This morning kicked off with a blog post from Andy telling us to create a fake dataset in Python using Chat GPT and to then use that data in Power BI to create a KPI Dashboard. None of the above pieces of software are my strong suit so safe to say I was in for a big learning curve today.
I first began to prep Chat GPT by feeding it small parts of the brief and asking it to create ideas for fake companies. I went back and forth with it for a little while until it suggested this: Space Tourism Agency: CelestialVoyages
I then prepped chat GPT with some headers I wanted and asked it to suggest me a few more. I then asked for a Python Script.

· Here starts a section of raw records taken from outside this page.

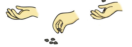 親石をほくり、かけ声に合わせて子石をひらい、親石を受けます。成功するたびに「ひとくいしょう=子石が一つ」「ふたくいしょう=子石が二つ」と、ひらう子石の数が増えます。子石が全部なくなったときにひらった子石の多かった人の勝ち。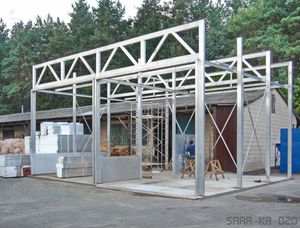 - массовое применение пено- и газоблоков. Необходимо отметить, что строения из данных блоков должны иметь внутри стен металлический каркас для крепления технологического оборудования и проема для ворот. Такое решение уже на практике в течении последних лет хорошо себя зарекомендовало;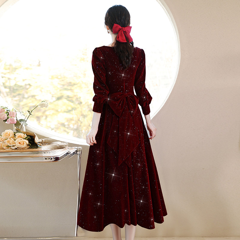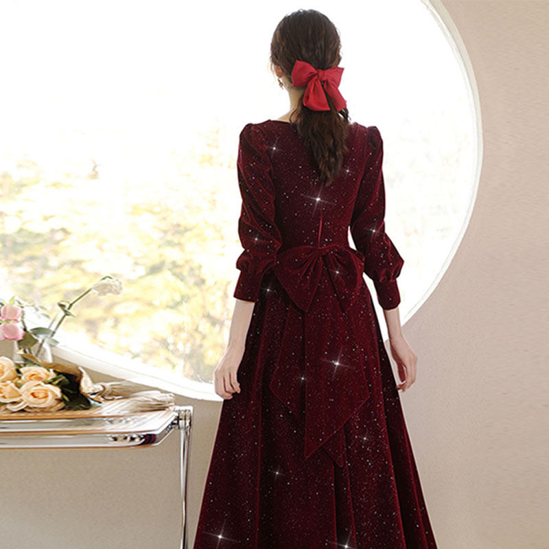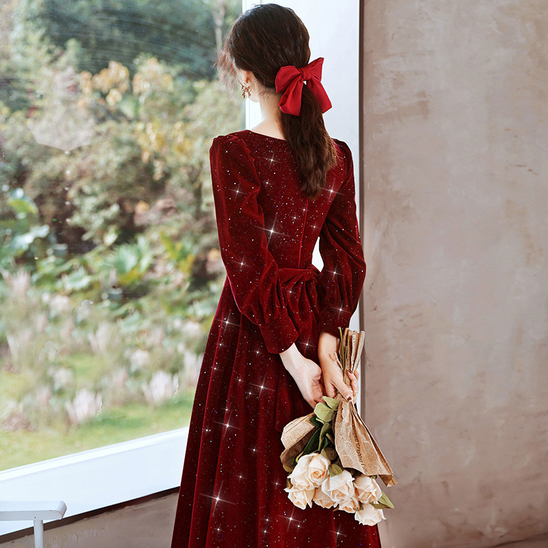 Бордовое красное бархатное вечернее платье, подходит для подростков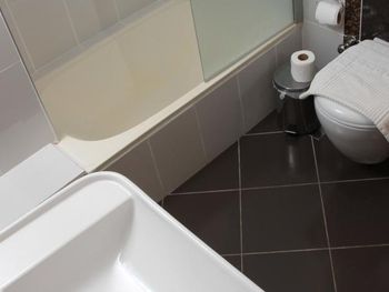 Очень простой завтрак. Стройка по соседству. И номер (ванная явно не готова к сезону- Штукатурка отваливается с потолка…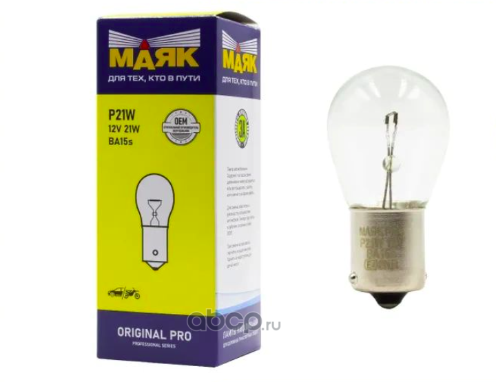 | Маяк | 0121310 | Лампа P21W 12V 21W BA15s ORIGINAL PRO | ||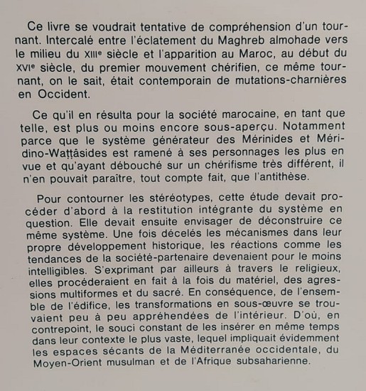 Ce livre se voudrait tentative de compréhension d'un tournant. Intercalé entre l'éclatement du Maghreb almohade vers le milieu du XIIIe siècle et l'apparition au Maroc, au début du XVIe siècle, du premier mouvement chérifien, ce même tournant, on le sait, était contemporain de mutations-charnières en Occident.

Next came the first big obstacle for the day; installing Python. I'll be honest, the process of installing Python lasted around an hour because there seem to be so many different versions / software that run it and most weren't co-operating with the code given by Chat GPT. Eventually Lydia (someone in my cohort) put me out of my misery by pointing me at a website called JupyterLite.
I encountered a couple of error messages which I fed back to Chat GPT which recommended valid solutions. Next I wanted to input some trends in my fake data.

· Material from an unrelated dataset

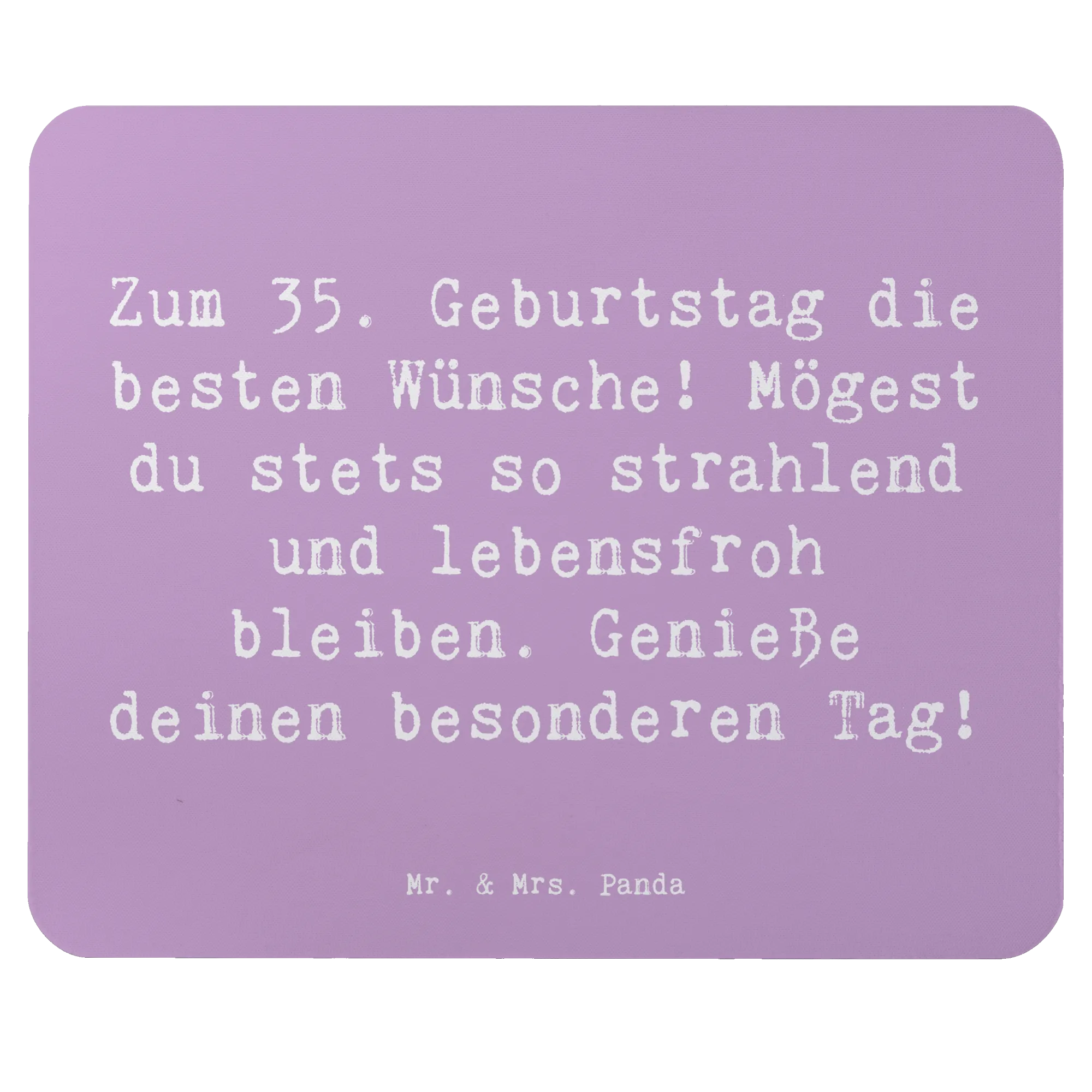 Entdecke das einzigartige Mauspad "35. Geburtstag – die besten Wünsche!" von Mr. & Mrs. Panda, das perfekte Geschenk für alle, die diesen besonderen Tag feiern! Ob für Freunde, Familie oder Arbeitskollegen, mit diesem liebevoll gestalteten Mauspad kannst du jedem eine Freude machen. Das Design wird mit einem herzlichen Slogan ergänzt: "Mögest du stets so strahlend und lebensfroh bleiben. Genieße deinen besonderen Tag!"

I recommended a couple of trends I wanted and also asked Chat GPT for trends it thought I should implement. After this I told Chat GPT to implement them. This became my second obstacle for the day. Interestingly, there were some trends implemented that worked on the first or second attempt incredibly well but other Chat GPT solutions were flawed to say the least. Time was ticking, and no matter how much I tried to prep Chat GPT, I couldn't seem to get the results I wanted.
I myself am very rusty when it comes to using Python (which I haven't used in over 5 years) but I think for someone who is competent with the software, they may have had an easier time with this.

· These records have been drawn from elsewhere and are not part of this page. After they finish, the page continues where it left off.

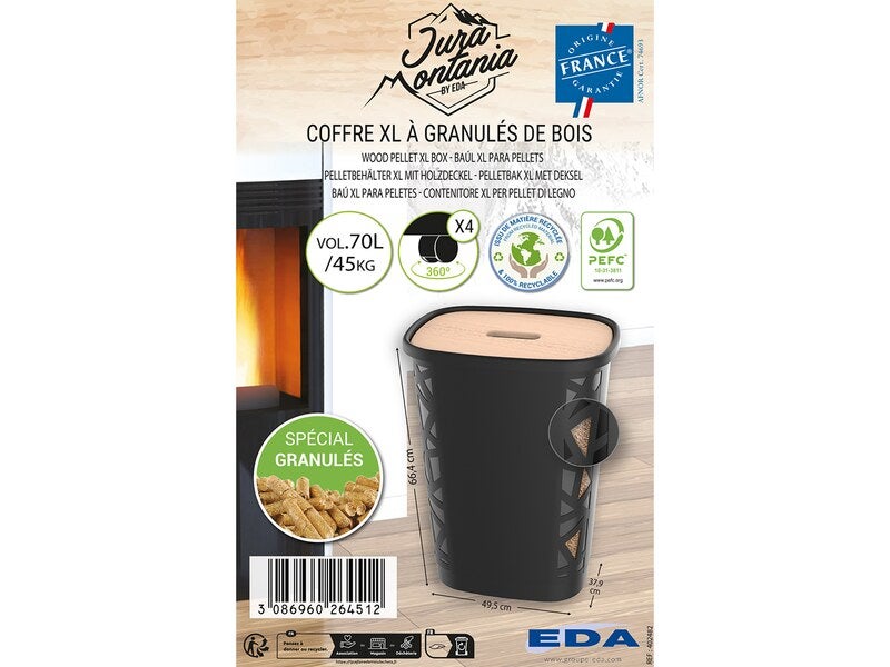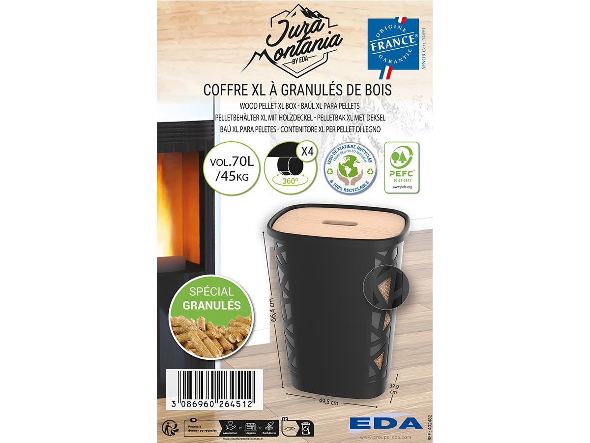 | Libellé | Bac de stockage de pellets EDA, 70 litres, noir |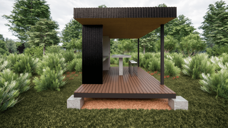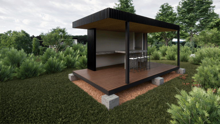 - Equipamiento: El quincho incluye un práctico mueble mesón con terminación similar al hormigón y repisas inferiores, despensa, parrilla de acero con altura ajustable, campana extractora y lavacopas, pensado para disfrutar al máximo cada reunión.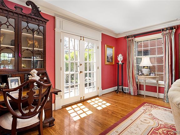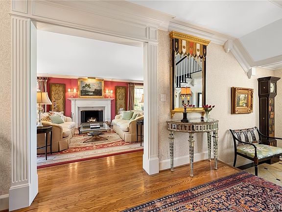 Welcome to 148 Middlesex Road, a stately residence and emblem of timeless elegance, nestled within Buffalo's Park Meadow neighborhood. This traditional estate, built in 1934, exudes grandeur and charm at every turn, with thoughtful updates throughout. With 6,173 square feet of living space, this magnificent residence is a testament to exquisite craftsmanship and classic sophistication, and though grand in scale, feels intimate and inviting. The first floor includes formal living and dining rooms, a spacious traditional kitchen with an eat-in breakfast room, a den, and impressive library with a “hidden,” very unique, bar area. The second floor features 6 bedrooms and 6 full baths, plus a gym, and a bright and spacious laundry room. Step outside to a lushly landscaped, fully-fenced backyard and enjoy al fresco dining or leisurely lounging on the awning-covered, flagstone terrace. Pull into the attached, 2 car garage with new circular driveway. Close to Delaware Park, Nichols and Elmwood Franklin Schools, the new Buffalo AKG museum and the Elmwood Village.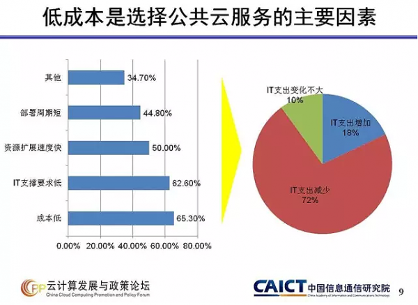 報(bào)告還進(jìn)一步指出,“相對(duì)較低的成本”是用戶選擇公共云服務(wù)的主要因素,有65.3%的受訪者選擇了這一答案。此外,選擇“IT支撐要求低”“資源擴(kuò)展速度快”“部署周期短”的用戶同樣,分別達(dá)到62.6%、50%和44.8%。72%的公共云服務(wù)用戶認(rèn)為,采用公共云服務(wù)后,自己的IT支出變得更少;10%用戶認(rèn)為自己的IT支出變化不大,相對(duì)持平,只有18%的用戶認(rèn)為自己的IT支出有所增加。在服務(wù)的性價(jià)比方面,超過七成用戶對(duì)國(guó)內(nèi)的公共云服務(wù)“比較滿意”或“很滿意”,只有0.8%的用戶覺得性價(jià)比較差。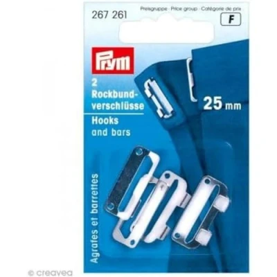 For securing skirt waistbands Pleasant to the touch because of their smooth surface Sew on holes make it easy to attach them Made of high-quality, rust-proof metal 1 x Prym - Prym Steel Silver (25mm) Skirt Hooks - 1 Unit

One particularly difficult issue I had was that each of my rows represented a space trip but included demographic data for a customer. The results of the output were below.
I reached out to the wider company who tried to help, but it seemed the solution was incredibly long and I simply didn't have the time.
So I moved on in spite of the glaring data quality issues and moved on to sketches. Since the brief was for a KPI dashboard, I decided to keep my sketch very simple and go for only key insights. I also went to chat GPT for a Space colour scheme but the results weren't ideal.
I went on to build in Power BI, another software that I'm not too familiar with. I had some quite ambitious plans that I just couldn't figure out how to achieve, despite asking around. In the end, I have quite a simple dashboard but I'm happy with the information and design.
In future, I would love to redo this brief over the span of a week where I'd have time to brush up on my Python and Power BI skillset.